The course is built on land reclaimed by the dredging efforts that once opened shipping channels in the Harbor. Because of the settling that has occurred over the years, the fairways can be a little bumpy but are no less playable. In fact, they can add an extra challenge by not always leaving you with a flat, easy to play lie. The fairways are in good shape and well maintained and the greens are some of the best in the area.
Most Memorable Hole
Number 17: Par 3, 130 yards (White Tees). Sorry other 17 holes, this one is a no-brainer. Number 17 has been voted the "Best Par 3 in the Lowcountry" year after year and it is easy to see why. If you're into naming holes, you could call this one: "Hit the Green or Lose a Ball!" You're playing to a small, fairly flat green surrounded by marsh and water. Add in the wind that can come howling in from just about any direction and you're in for a real treat. Once you get on the green -regardless of the number of shots it took you to get there - do a 360 and take in all the views. You'll forget your score.

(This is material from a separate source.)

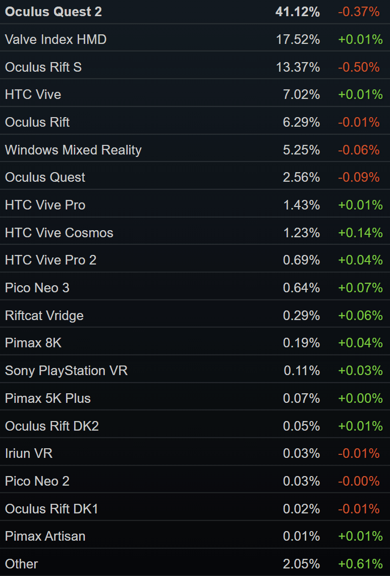 When it comes to the per-headset share of SteamVR usage, the fastest growing type in November was ‘Other’. This category likely includes Quest Pro using Quest Link and Pico 4 accessing SteamVR through Pico’s software, since they aren’t listed separately. Valve may break out each headset’s usage into a new row as the number of owners of each grows.

By definition, Patriots Point Links lacks several key elements to make it a links-style golf course, but it is about as close as you can get in the US. What it does have in common with some of the world's most famous links courses is the wind. No matter what time of day you play, the ever-changing winds are going to play a factor. They typically sweep across the harbor and give the course a different look and feel from day to day. This course has more of a parkland feel, with several holes running parallel to each other and no homes along the fairway. There's also a lot of water out here, however, most it is lateral and doesn't - or at least shouldn't - come into play. Bunkers have been strategically placed along the fairways and around the sides of the greens, but in most cases, the fronts are wide open, leaving the seniors favorite par saver, the bump and run, in play.
Something else that makes it a favorite for both local golfers and resort guests is that this it's not unusual to get around this track in four hours or less. It's also not uncommon to find temperatures on the point 10 degrees cooler than the inland areas during the summer. Because of this and the proximity of greens to tees, you'll find a lot of walkers out here in the summer. And they still maintain a 4-hour pace of play.
If you're looking to play somewhere that is not only visually appealing but is also a shotmaker's haven, then consider playing your next round here.